Member of the U.S. House of Representatives from Pennsylvania's 3rd district
- In office March 4, 1813 – August 2, 1813
- Preceded by: See below
- Succeeded by: See below

Member of the Pennsylvania Senate
- In office 1790-1792

Member of the Pennsylvania House of Representatives
- In office 1790

Personal details
- Born: September 19, 1758 Lebanon Township, Province of Pennsylvania, British America
- Died: January 22, 1836 (aged 77) Lebanon, Pennsylvania, U.S.
- Party: Federalist

= John Gloninger =

American politician

John Gloninger (September 19, 1758 – January 22, 1836) was a member of the U.S. House of Representatives from Pennsylvania.

==Biography==
John Gloninger was born in Lebanon Township in the Province of Pennsylvania.

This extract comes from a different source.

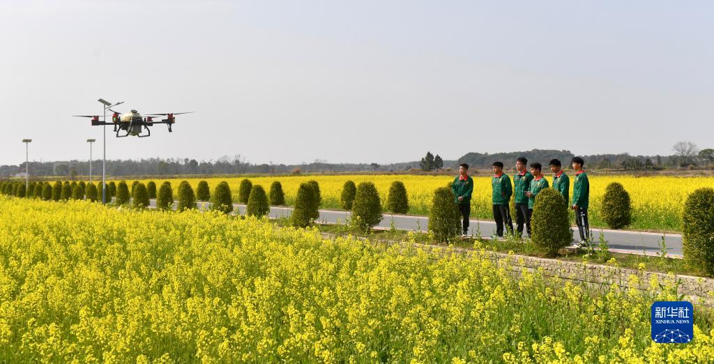 3月7日,黃從明的團(tuán)隊(duì)操控?zé)o人機(jī)在油菜田噴施肥料。
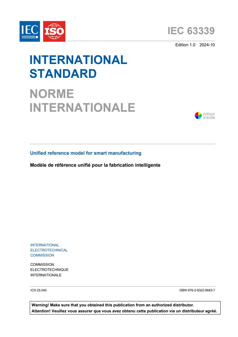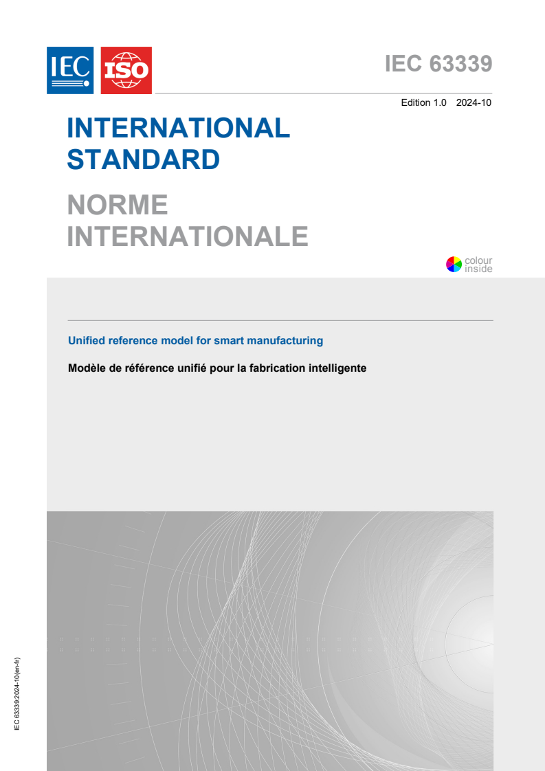 IEC 63339:2024 defines the Unified Reference Model for Smart Manufacturing (URMSM), establishing a standardized terminology and structural framework to advance smart manufacturing. This standard provides a comprehensive set of common modelling elements, their associations, and conformance criteria aimed at supporting the development and specialization of reference models throughout manufacturing systems. Covering product, production, and lifecycle aspects, the URMSM promotes a coherent approach to represent complex smart manufacturing ecosystems.

He served as a subaltern officer in the Associaters during the Revolutionary War and later was in command of a battalion of militia. Upon the organization of Dauphin County, Pennsylvania, he was appointed a lieutenant by the supreme executive council on May 6, 1785. He was a member of the Pennsylvania House of Representatives in 1790. He resigned and served in the Pennsylvania State Senate from 1790 until 1792. He was appointed by Governor Thomas Mifflin as justice of the peace of Dauphin County on September 8, 1790. He was commissioned as associate judge on August 17, 1791, and upon the formation of Lebanon County, Pennsylvania, he was commissioned on September 11, 1813, as one of the associate judges for that county.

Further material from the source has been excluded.